What to work on
Write out the data below exactly as given, without any of its pictures.

Data
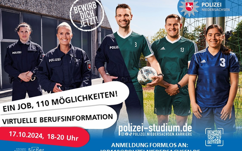 Virtuelle Berufsinformation der Polizei Niedersachsen am 17. Oktober 2024 von 18:00 bis 20:00 Uhr
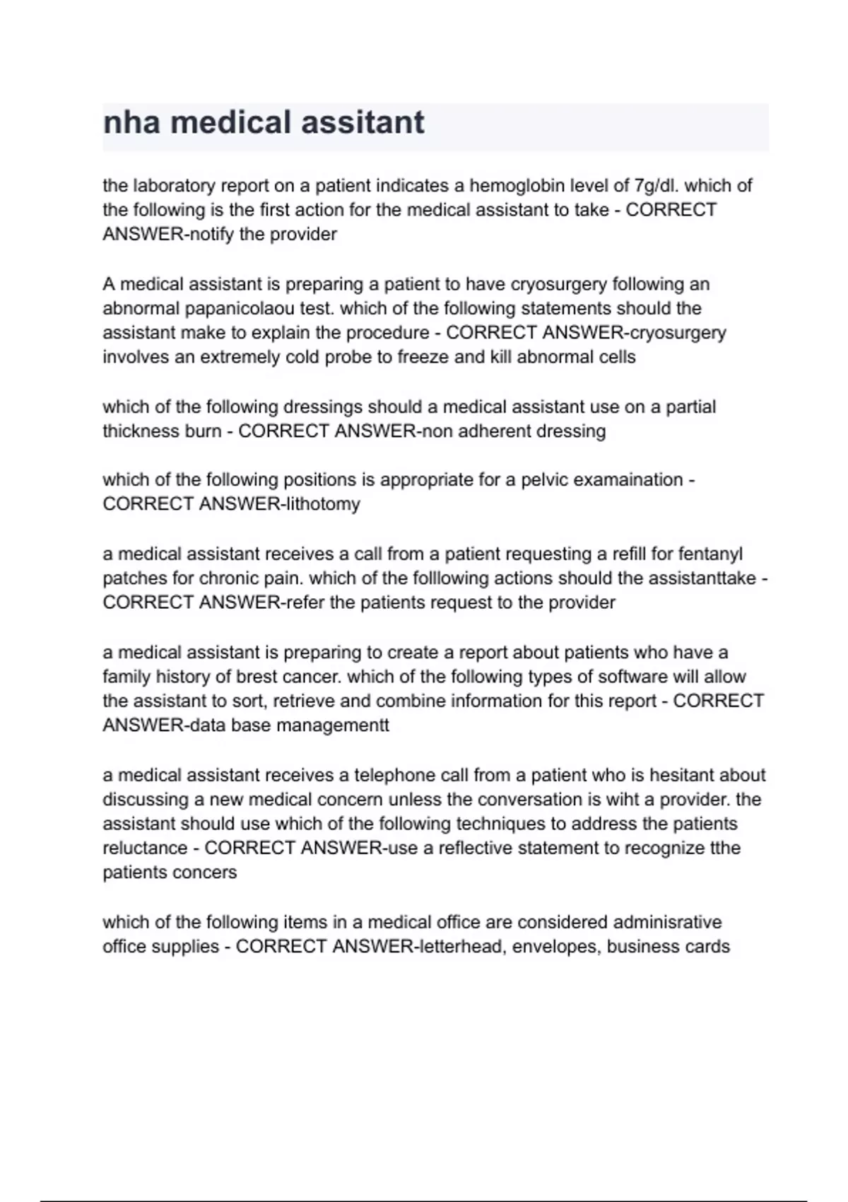 nha medical assitant questions and answers latest 2024
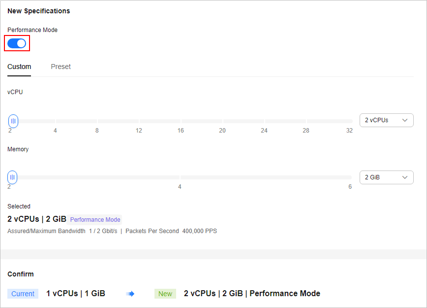 Puede habilitar el modo de rendimiento para la instancia mediante la opción Modify Specifications. Durante este proceso, es posible que también deba modificar las especificaciones de la instancia si los recursos subyacentes son insuficientes. Para obtener más información sobre cómo modificar las especificaciones, véase Modificación de las especificaciones de una instancia de FlexusX.
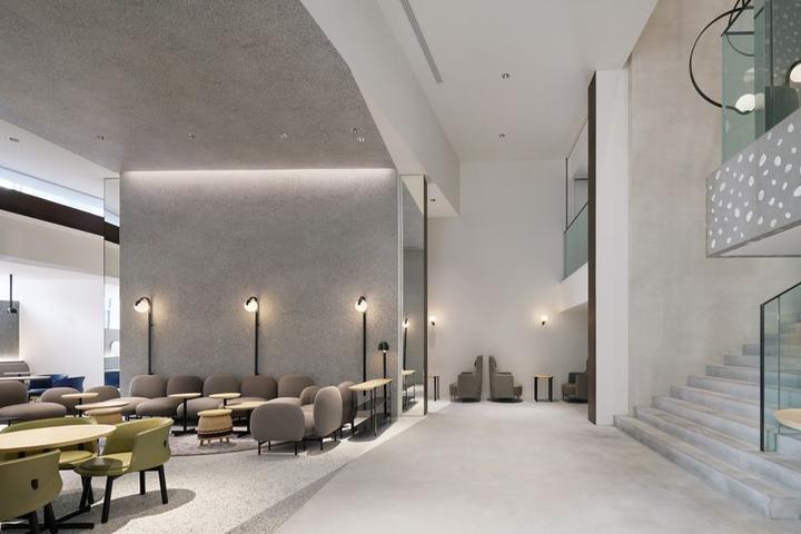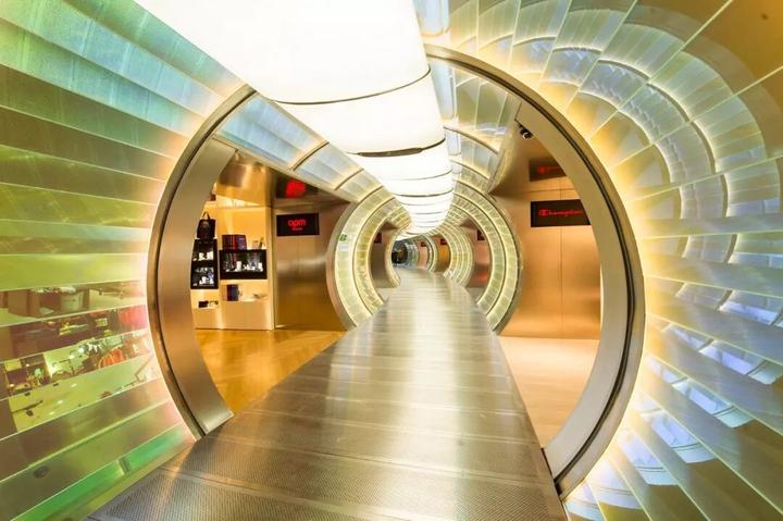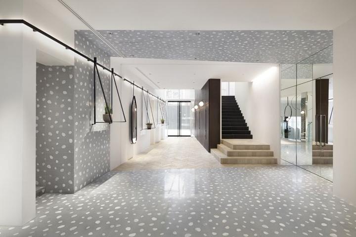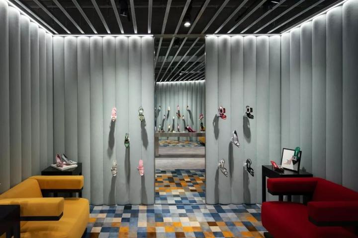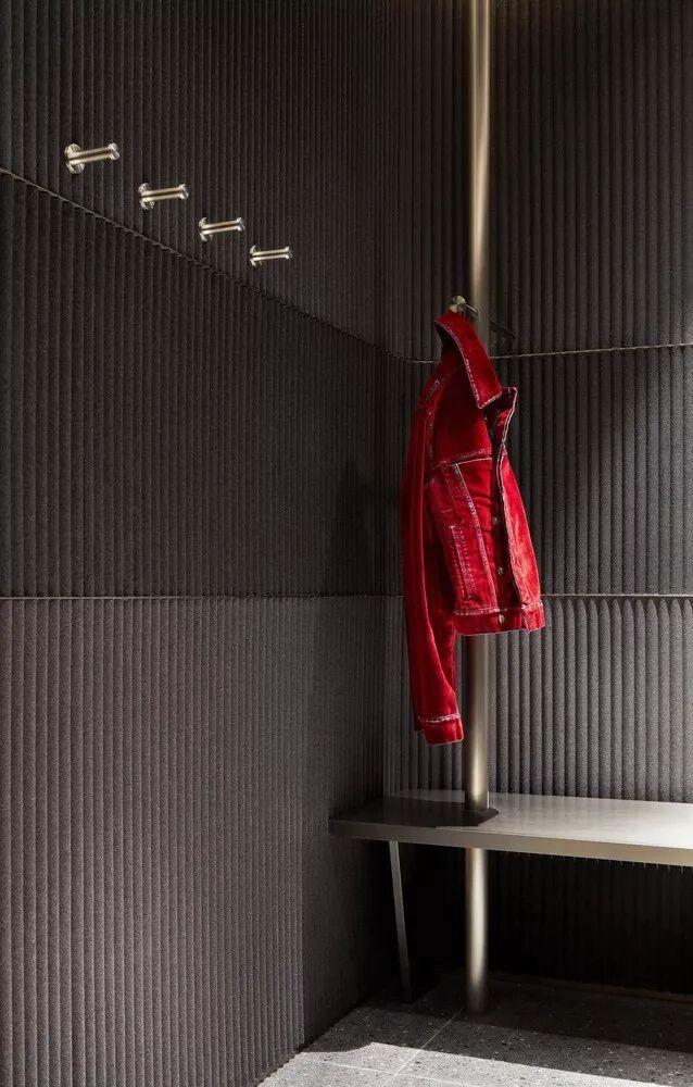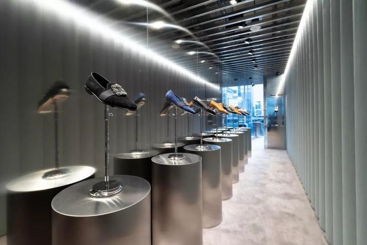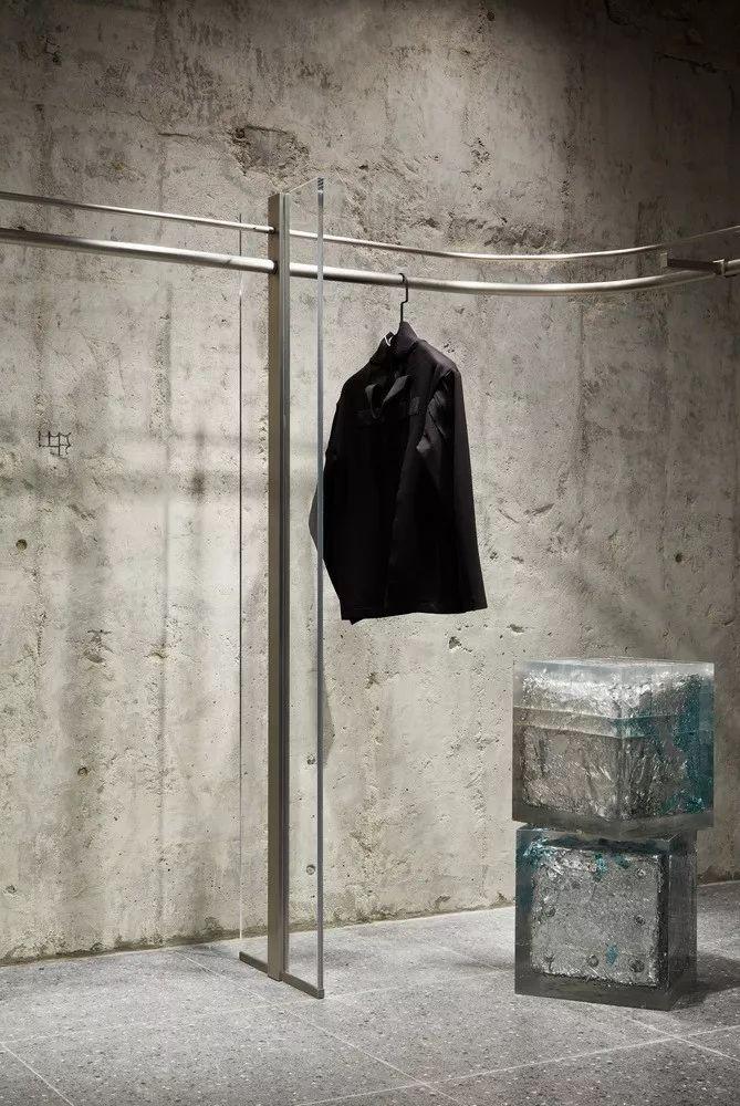 内部大量使用圆柱形混凝土隔墙、抛光不锈钢饰面和镜面元素,一根根钢条构成间隙很宽的格栅天花,构成统一的灰色调背景。而各种撞色沙发、地毯与彩色的商品形成呼应。

Written response
 Virtuelle Berufsinformation der Polizei Niedersachsen am 17. Oktober 2024 von 18:00 bis 20:00 Uhr
 nha medical assitant questions and answers latest 2024
 Puede habilitar el modo de rendimiento para la instancia mediante la opción Modify Specifications. Durante este proceso, es posible que también deba modificar las especificaciones de la instancia si los recursos subyacentes son insuficientes. Para obtener más información sobre cómo modificar las especificaciones, véase Modificación de las especificaciones de una instancia de FlexusX.
 内部大量使用圆柱形混凝土隔墙、抛光不锈钢饰面和镜面元素,一根根钢条构成间隙很宽的格栅天花,构成统一的灰色调背景。而各种撞色沙发、地毯与彩色的商品形成呼应。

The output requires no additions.